**TASK STATEMENT:**
Pictures should be excluded; otherwise, copy every entry exactly.

**INFORMATION SHOWN:**
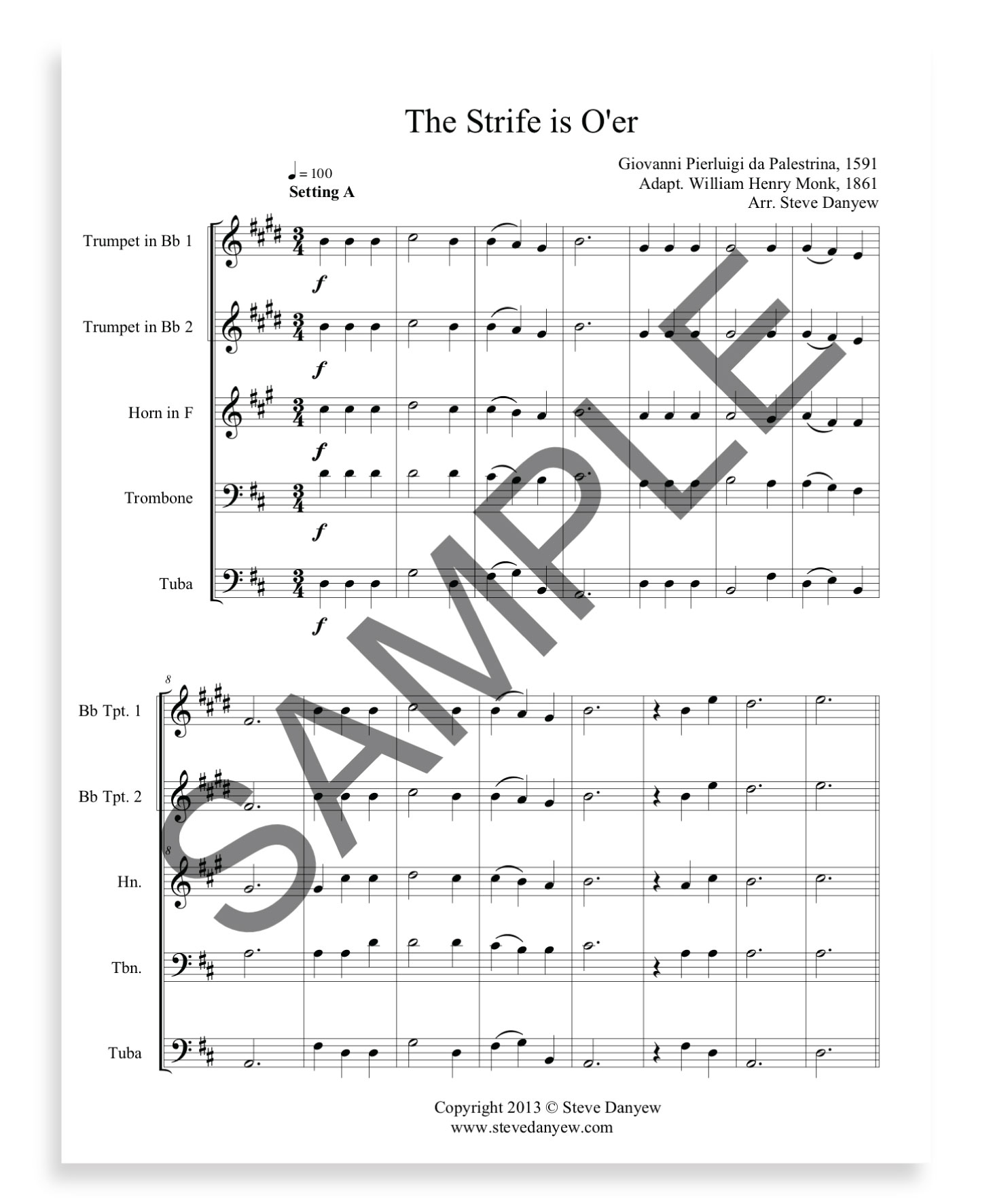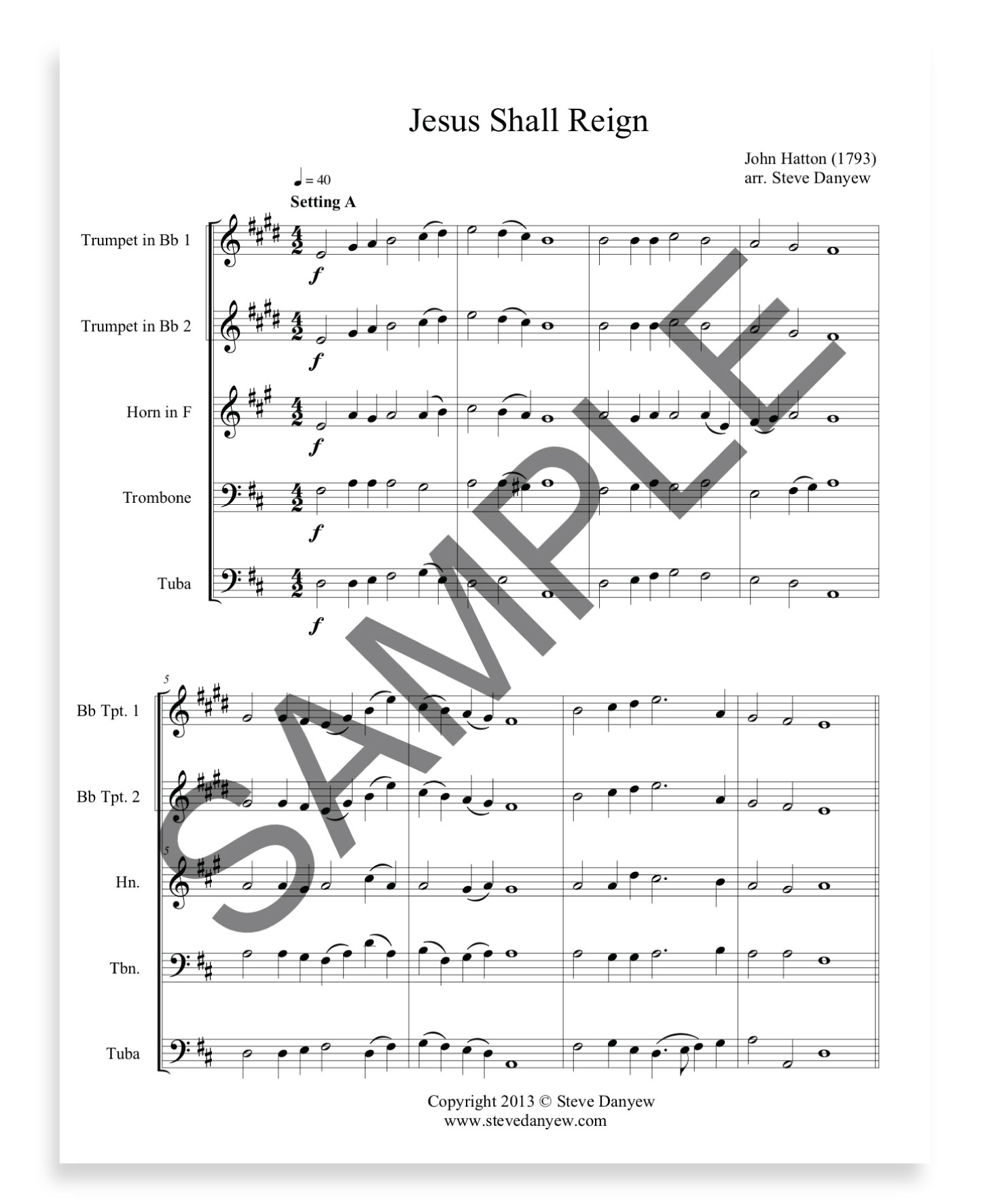 Creative and well-crafted settings of two well-known Easter hymns: Jesus Shall Reign (also known as I Know That My Redeemer Lives) and The Strife Is O'er, arranged for brass quintet with optional congregation.
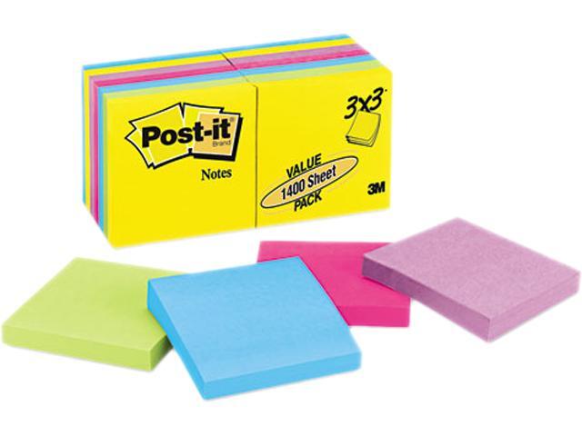 Post-it Notes 654-14AU Ultra Color Notes, 3 x 3, Five Colors, 14 100-Sheet Pads/Pack
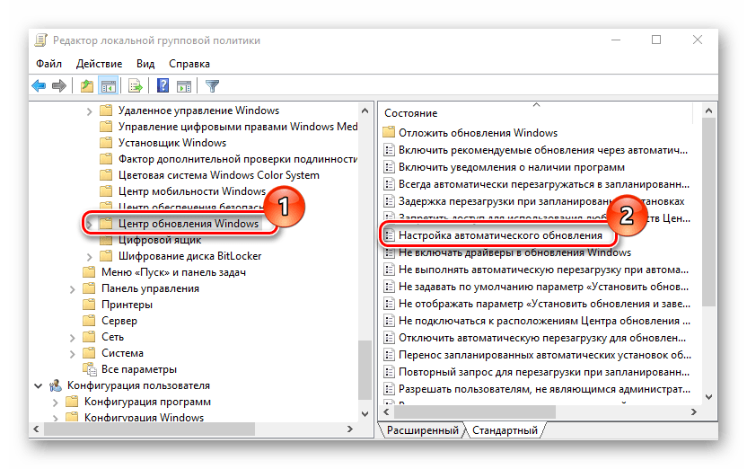 Найдите «Центр обновления Windows» и в разделе «Состояние» дважды кликните на пункте «Настройка автоматического обновления».
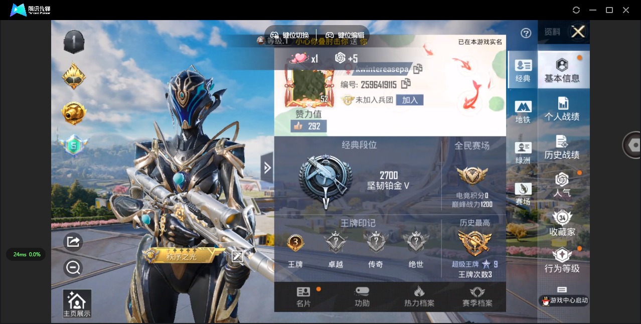- PX_2083755-贵族等级: V6 英雄数: 107 皮肤数: 80 传说皮: 淬星耀世,超时空战士-狄仁杰,幻光神枪 限定皮: 无尽星芒,五谷丰年
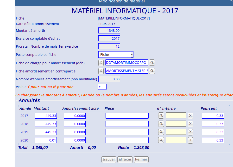 | Description | Voir ci-joint: amortissement sur quatre ans au lieu de trois et résidu. | ||||
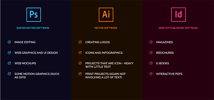 Khác với Adobe Photoshop và Adobe Illustrator, phần mềm Adobe InDesign hỗ trợ việc thiết kế với khả năng dàn trang. Do đó, InDesign (ID) có ưu điểm là sửa đổi và xử lý nhanh với những cuốn catalogue dài, nhiều trang.
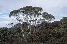 Kybean mallee ash grows in exposed positions at high altitude where it is often locally dominant in subalpine mallee scrubs. It occurs south from near Kybean in the far south-west of New South Wales and in the Victorian High Country.[3][4][6]

**FINISHED EXERCISE:**
 Creative and well-crafted settings of two well-known Easter hymns: Jesus Shall Reign (also known as I Know That My Redeemer Lives) and The Strife Is O'er, arranged for brass quintet with optional congregation.
 Post-it Notes 654-14AU Ultra Color Notes, 3 x 3, Five Colors, 14 100-Sheet Pads/Pack
 Найдите «Центр обновления Windows» и в разделе «Состояние» дважды кликните на пункте «Настройка автоматического обновления».
- PX_2083755-贵族等级: V6 英雄数: 107 皮肤数: 80 传说皮: 淬星耀世,超时空战士-狄仁杰,幻光神枪 限定皮: 无尽星芒,五谷丰年
 | Description | Voir ci-joint: amortissement sur quatre ans au lieu de trois et résidu. | ||||
 Khác với Adobe Photoshop và Adobe Illustrator, phần mềm Adobe InDesign hỗ trợ việc thiết kế với khả năng dàn trang. Do đó, InDesign (ID) có ưu điểm là sửa đổi và xử lý nhanh với những cuốn catalogue dài, nhiều trang.
 Kybean mallee ash grows in exposed positions at high altitude where it is often locally dominant in subalpine mallee scrubs. It occurs south from near Kybean in the far south-west of New South Wales and in the Victorian High Country.[3][4][6]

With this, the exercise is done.